Only Human - Perspectives No. 178

Only Human
Perspectives No. 178

Artists Sketching in the White Mountains by Winslow Homer
Artists Sketching in the White Mountains 1868 (PD US) Winslow Homer


   Last night, as I began teaching another painting workshop, I wondered again what motivates people to put up hard earned cash and move their bodies across town (sometimes across the country) to take a painting workshop. For the most part, these are not aspiring professionals wanting to hone their skills, but folks with careers in other lines of work. I used to think that painting was just a hobby for them and a group class was a safe bet for some entertainment and relaxation. But now I’m not so sure. I have given it some thought and I believe that there is a deeper, more fundamental motivation that drives us to want to learn to paint.

   We have written before about creativity and the new scientific studies investigating the human impulse to create. It is a fascinating subject precisely because it isn’t well understood, and because in some ways artistic creativity has no practical advantage (that we can see) for our immediate survival. For instance, it takes time and resources to make an object such as an essential tool. To then devote additional time to decorate that tool instead of using it immediately for hunting or preparing food, doesn’t make much sense when food is the priority. In a tribal context, everyone must contribute to the welfare of the whole for the tribe to prosper. So why do we find elaborate and extensive cave paintings made by neolithic hunters from 40,000 years ago? These tribes would have had to support those early artists - feed them - while they took time to make the paintings. Recently, archaeologists have found carved and decorated tools made by our primitive ancestors which are over 300,000 years old. The impulse to express something from within seems to be a very ancient need.

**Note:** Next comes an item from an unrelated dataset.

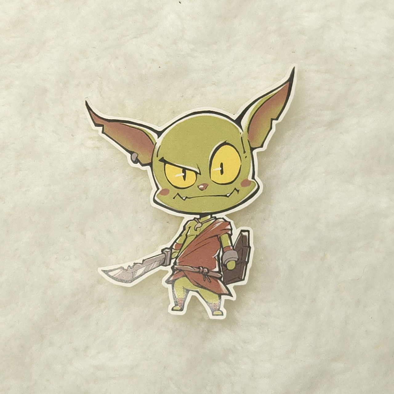 Gobby’s bold grin and make-shift sword capture his fearless attitude in this vibrant sticker. Perfect for sketchbooks, laptops, or anywhere that needs a spark of goblin mischief.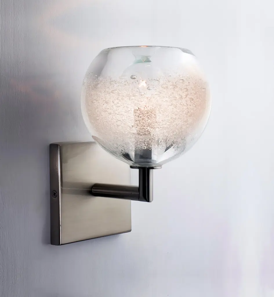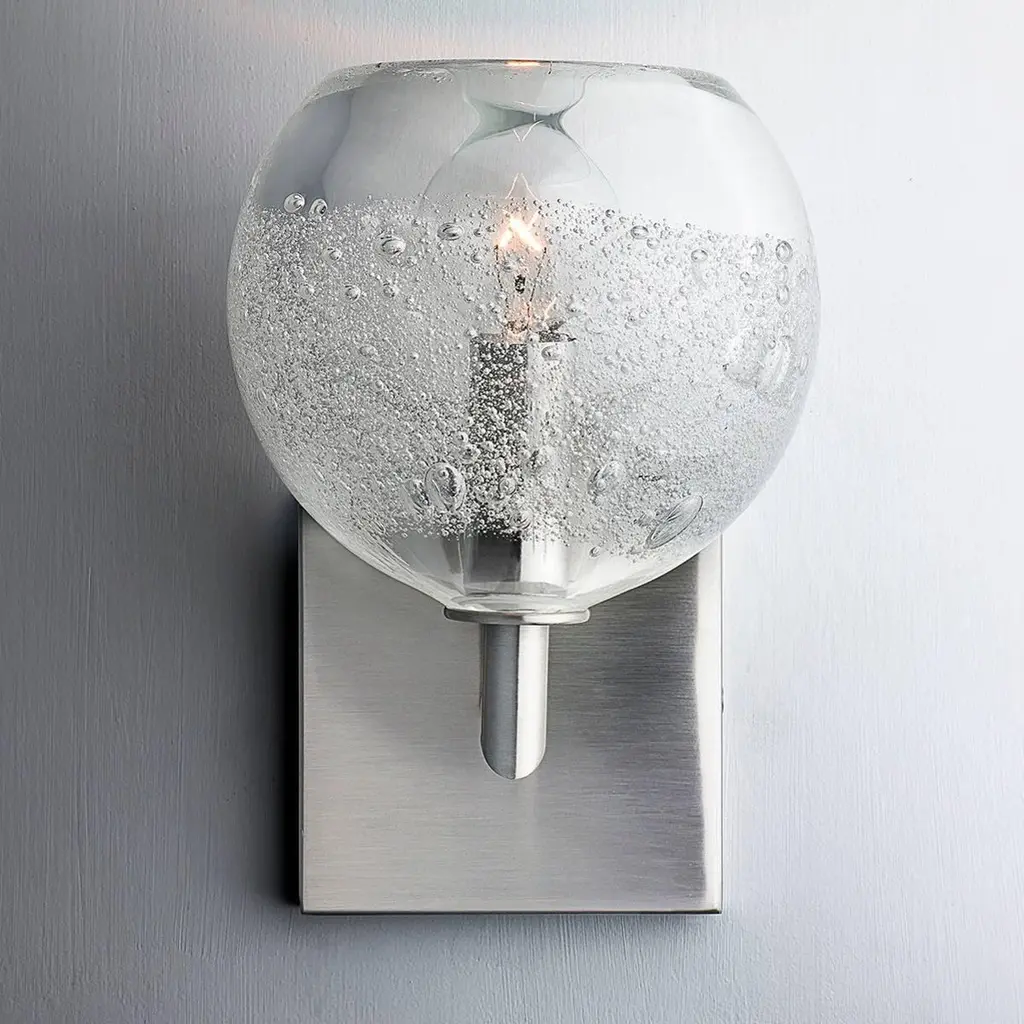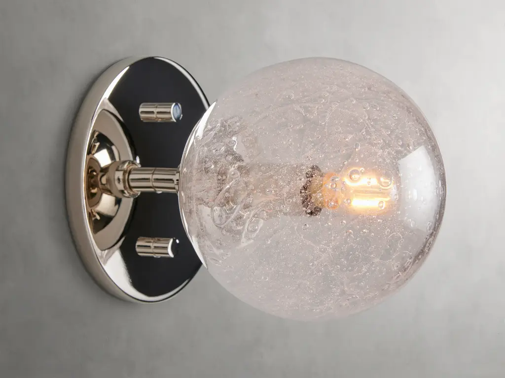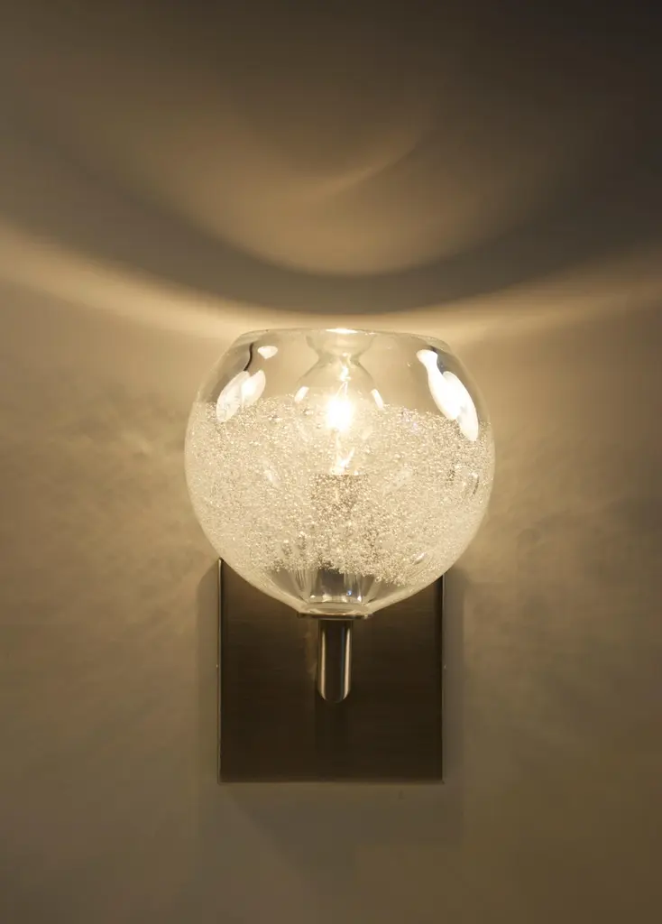 Bubble Round Elbow Sconce, Hand Blown Clear Glass With Bubbles - Made To Order

   When I think about what motivates my students to be present, I now believe that it is related to that ancient need to create, apart from the other activities in their lives. There is something essential in the act of creation, or in simply learning to create, that answers this need. I can teach them all sorts of useful and necessary techniques which are helpful in the long run. But in the moment, which is all we really have, I try to keep in mind that if I fail to connect to the real reason they are present, then I probably have failed to connect with them at the most universal, fundamental level. It is love of creation that brings us together at these moments, and in that, we are all one big tribe.